— Description of the task —
From the line that contains "在北室的清理中,人们还发现了" to the last line of the data below, transcribe every line exactly. Do not include the pictures.

— Information provided —
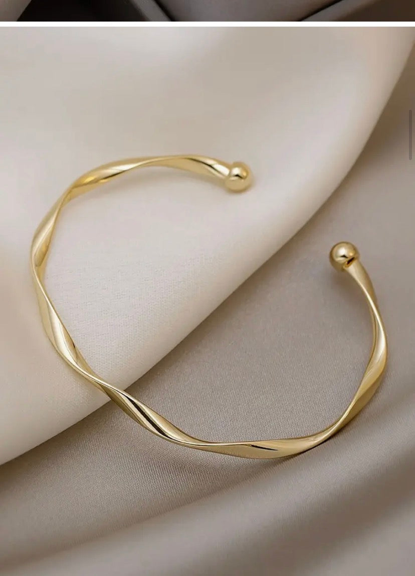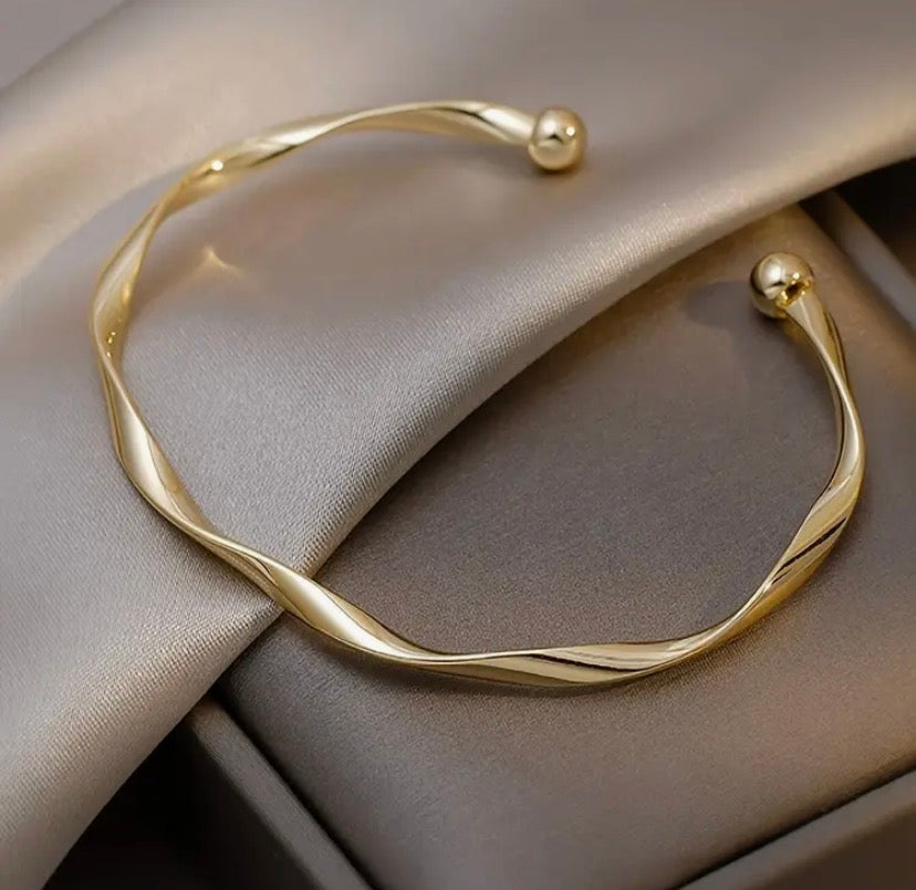 A sleek golden cuff that blends minimal elegance with bold texture. Its fine, harsh grooves reflect light beautifully, making it a statement of effortless confidence.
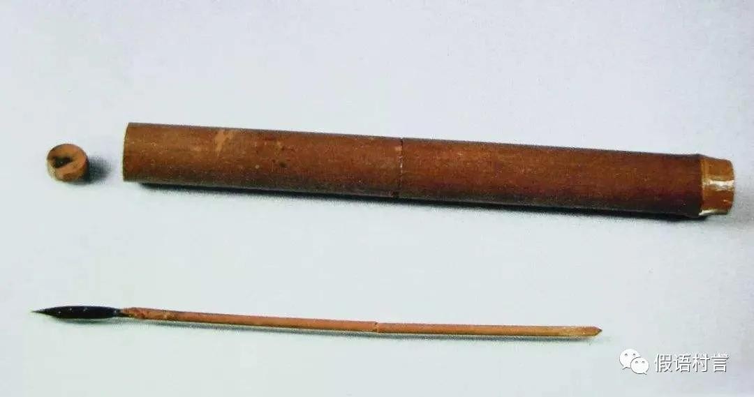 在北室的清理中,人们还发现了一根小小的竹管,打开后竟然惊喜的发现了里面竟然放置了一支毛笔!这根竹管实际是个笔套。这是中国发现的最早的带套毛笔,堪称中国第一支出土毛笔!
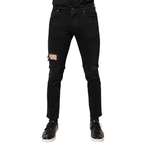 Dolce & Gabbana Black Cotton Tattered Skinny Denim Logo Jeans

— Answer to the problem —
 在北室的清理中,人们还发现了一根小小的竹管,打开后竟然惊喜的发现了里面竟然放置了一支毛笔!这根竹管实际是个笔套。这是中国发现的最早的带套毛笔,堪称中国第一支出土毛笔!
 Dolce & Gabbana Black Cotton Tattered Skinny Denim Logo Jeans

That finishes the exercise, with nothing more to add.